Cell loss during fixation ranged between 10 and 30%. This was achieved by performing spins in swinging-bucket rotors and using 15-ml polypropylene centrifuge tubes during the entire process.

RT master mix consisting of a final concentration of 1× RT buffer, 0.25 U µl−1 Enzymatics RNase Inhibitor (Biozym, 180520), 0.2 U µl−1 RNasin Plus ribonuclease inhibitor, 500 mM dNTPs and 20 U µl−1 Maxima H Minus Reverse Transcriptase (Thermo Fisher, EP0752) was prepared on ice in 8 µl for a total reaction volume of 20 µl. Four microliters of RT oligonucleotides (12.5 µM) was combined in each 96-well plate with 8 µl of RT master mix (Supplementary Tables 1 and 2). Eight microliters of fixed and permeabilized cells (10,000 cells) was added to each well, yielding a total reaction volume of 20 µl. We used a total of 48 RT reactions, yielding 480,000 cells, and recommend this number as it provides enough surplus to be in the range of the optimal cell concentration needed for the Tapestri microfluidic device from Mission Bio (105,000–200,000 cells). RT was performed in a thermocycler using the following program: 10 min at 50 °C and three cycles of 2 s at 8 °C, 45 s at 15 °C, 45 s at 20 °C, 30 s at 30 °C, 2 min at 42 °C and 3 min at 50 °C, followed by 5 min at 50 °C. All RT reactions were pooled into a 15-ml conical tube containing 10 ml of 1× PBS with 1% BSA, and cells were spun at 500g for 5 min.

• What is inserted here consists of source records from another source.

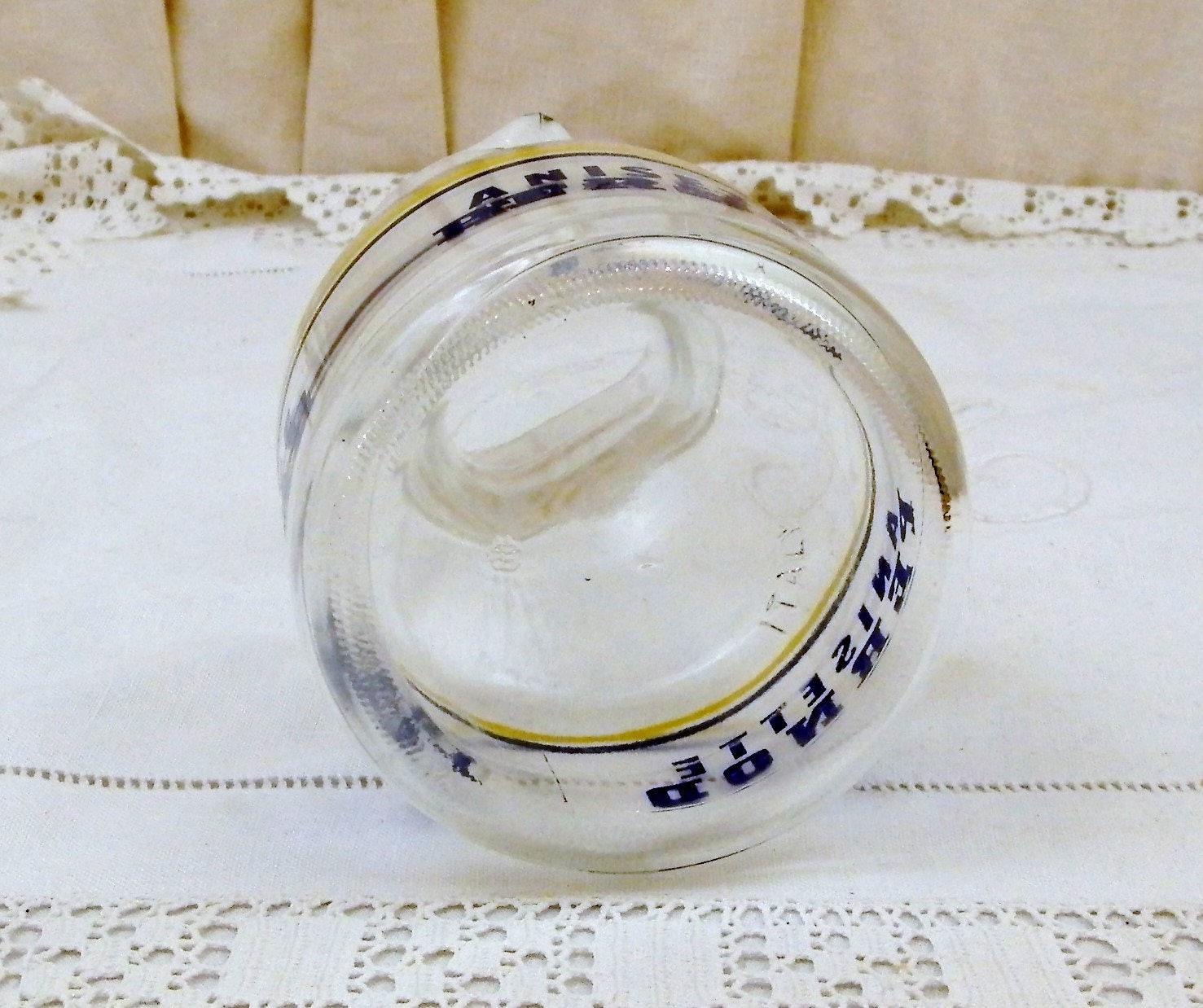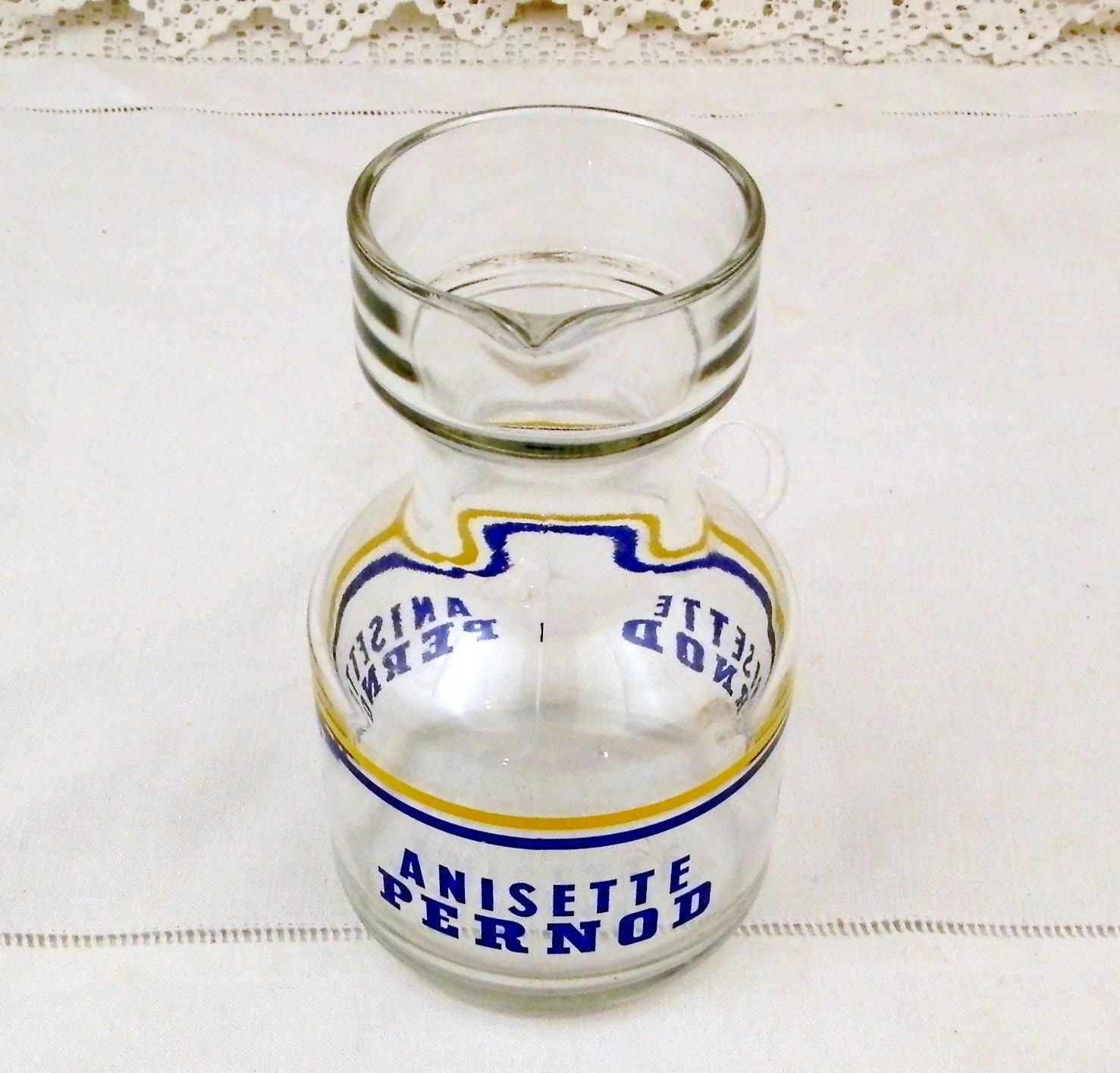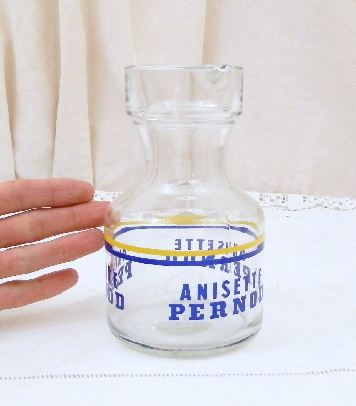 Vintage glass water carafe. Originally an advertising gift for French Cafés. Clear glass with blue and yellow graphics. Traditionally Pernod is from the south of France.
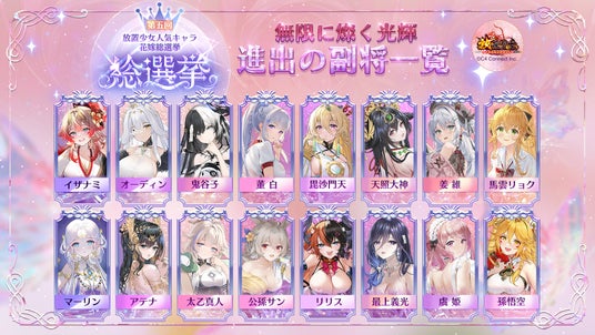 C4 Connect株式会社(本社:東京都渋谷区)は、現在サービス中の美少女RPGゲーム『放置少女~百花繚乱の萌姫たち~』(スマートフォンアプリ及びブラウザ版)(以下、『放置少女』)にて開催中の「第五回放置少女人気キャラ総選挙」段階2.『絢爛たる反響』の投票結果を発表いたします。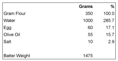 Whisk the olive oil and egg briefly in a blender. Add the salt and half the water and blend. Add half the flour and blend again. Add the remaining flour and pour in the remaining water while the blender is running. Pour the mixture through a sieve. Stand for at least half a day or for up to two days in the fridge. The batter will seem impossibly thin – do not panic!
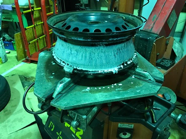 このように、白い修理剤がタイヤ内部に広がっていて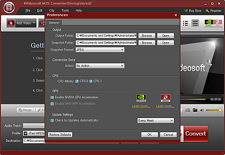 상세정보 다양한 포맷을 지원하는 컨버팅 TS, MTS, M2TS등의 포맷을 MP4, H.264, AVI, MP3, WMV, WMA, FLV, MKV, MPEG-1, MPEG-2, 3GP, 3GPP, VOB, DivX, Mov, RM, RMVB, M4A, AAC, WAV 등의 다양한 포맷으로 변환이 가능합니다. 저장 폴더 지정 선택한 동영상 및 이미지 저장 폴더를 설정할 수 있습니다.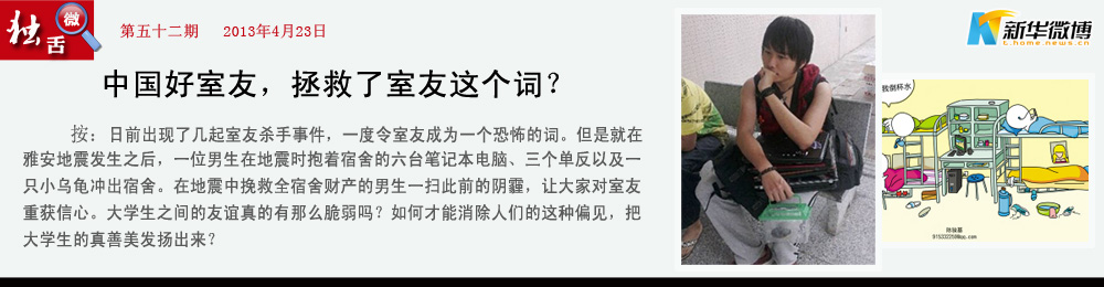 【室友中的戰(zhàn)斗機】 人固有一室友,或投毒殺人,或拯救其余室友電腦六臺單反三臺烏龜一籠于地震之中…… 他一個人拯救了全宿舍的財產(chǎn),對他的敬佩之情猶如滔滔江水連綿不絕!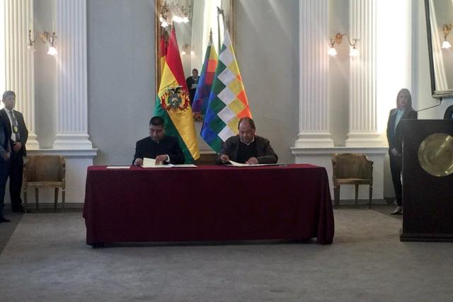 El acuerdo interinstitucional fue suscrito por Canciller del Estado boliviano, Fernando Huanacuni, y el titular del Ministerio de Gobierno, Carlos Romero.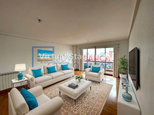 A habitação fica localizada no 3º andar de um prédio com elevador e é composta por hall de entrada, sala muito espaçosa com varanda, 3 quartos, sendo um suite com casa-de-banho completa e roupeiro embutido, 1 casa-de-banho completa, cozinha semi-equipada com sala de máquinas e caldeira a gás para aquecimento central, porta de segurança e vídeo porteiro.

Samples were processed using a Tapestri microfluidic device from Mission Bio (version 2, MB51-0007, MB51-0010 and MB51-0009) according to the manufacturer’s protocol, with modifications. The in situ RT-processed cell pellet was resuspended in cell buffer from Mission Bio, and cells were counted and diluted to the appropriate concentration of 4,000–8,000 cells per µl. Custom primers were used in the multiplexed droplet PCR amplification step. RNA primers were designed using the TAP-seq primer prediction tool with a targeted optimal melting temperature of 60 °C (minimum 58 °C and maximum 62 °C) and a product size range from 150 to 300 bp using published single-cell RNA-sequencing iPS cell data for primer prediction (https://www.ebi.ac.uk/biostudies/arrayexpress with E-MTAB-6687)4,33. gDNA primers were designed using the Tapestri Designer (https://designer.missionbio.com). Primers were not validated before use; a dropout of around 10–20% is expected for gDNA primers.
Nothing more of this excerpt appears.